> _GIVEN INFORMATION_
━━━━━━━━━━━━━━━━━━━━━━━━━━━━━━

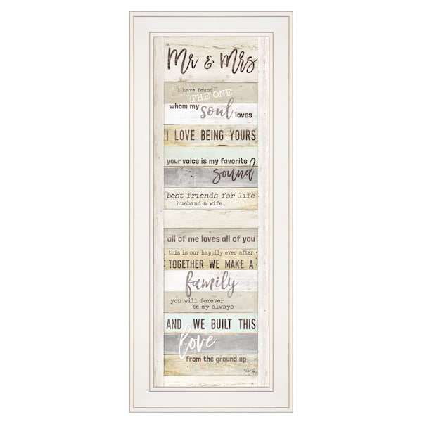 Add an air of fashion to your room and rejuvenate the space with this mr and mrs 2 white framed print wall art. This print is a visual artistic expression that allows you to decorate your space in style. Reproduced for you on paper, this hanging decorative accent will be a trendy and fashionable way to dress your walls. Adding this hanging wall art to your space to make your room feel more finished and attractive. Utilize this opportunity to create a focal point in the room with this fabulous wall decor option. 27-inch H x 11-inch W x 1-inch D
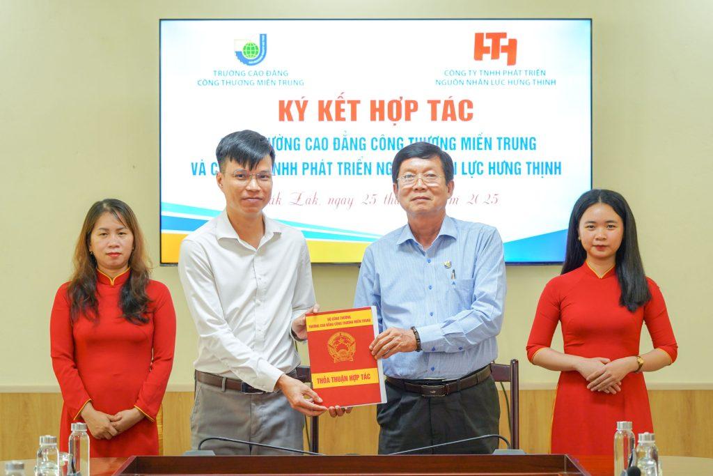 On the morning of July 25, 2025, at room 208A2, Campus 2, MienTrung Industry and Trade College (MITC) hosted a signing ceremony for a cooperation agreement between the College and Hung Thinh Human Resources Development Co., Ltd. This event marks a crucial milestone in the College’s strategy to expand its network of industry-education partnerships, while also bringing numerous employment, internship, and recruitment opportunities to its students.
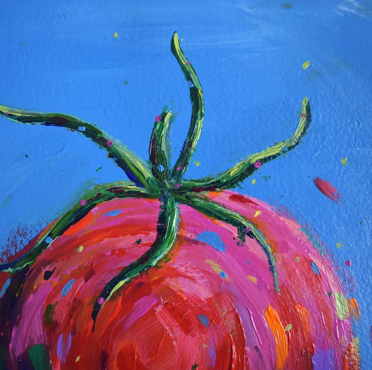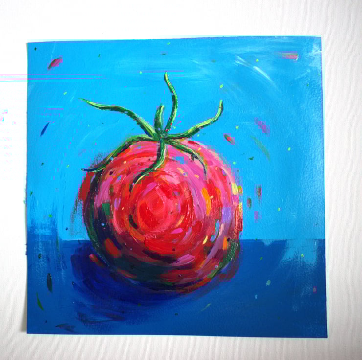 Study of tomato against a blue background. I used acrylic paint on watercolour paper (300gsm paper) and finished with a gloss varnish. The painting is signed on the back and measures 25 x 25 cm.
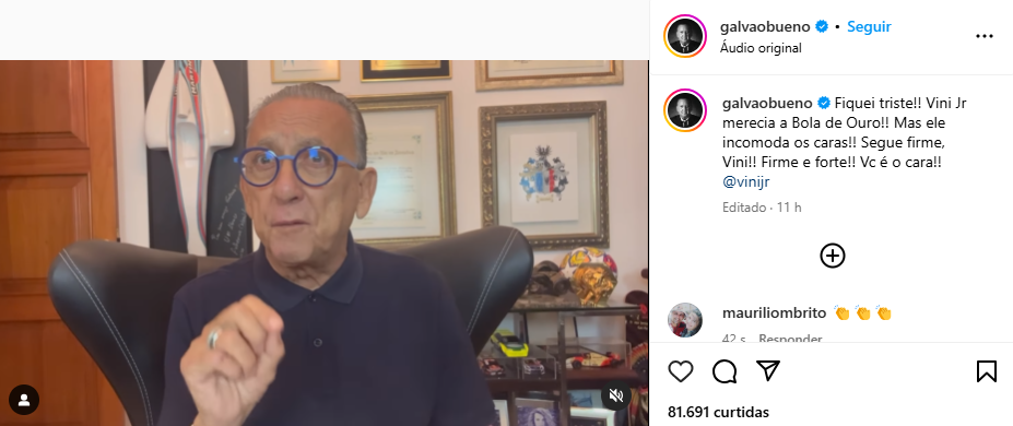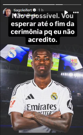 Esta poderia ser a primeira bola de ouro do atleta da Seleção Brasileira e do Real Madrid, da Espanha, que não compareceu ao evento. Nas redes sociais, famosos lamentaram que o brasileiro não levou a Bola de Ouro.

━━━━━━━━━━━━━━━━━━━━━━━━━━━━━━

Restate the lines above from the one containing "On the morning" through the one containing "Study of tomato", inclusive, exactly and without pictures.

> _ANSWER SECTION_
 On the morning of July 25, 2025, at room 208A2, Campus 2, MienTrung Industry and Trade College (MITC) hosted a signing ceremony for a cooperation agreement between the College and Hung Thinh Human Resources Development Co., Ltd. This event marks a crucial milestone in the College’s strategy to expand its network of industry-education partnerships, while also bringing numerous employment, internship, and recruitment opportunities to its students.
 Study of tomato against a blue background. I used acrylic paint on watercolour paper (300gsm paper) and finished with a gloss varnish. The painting is signed on the back and measures 25 x 25 cm.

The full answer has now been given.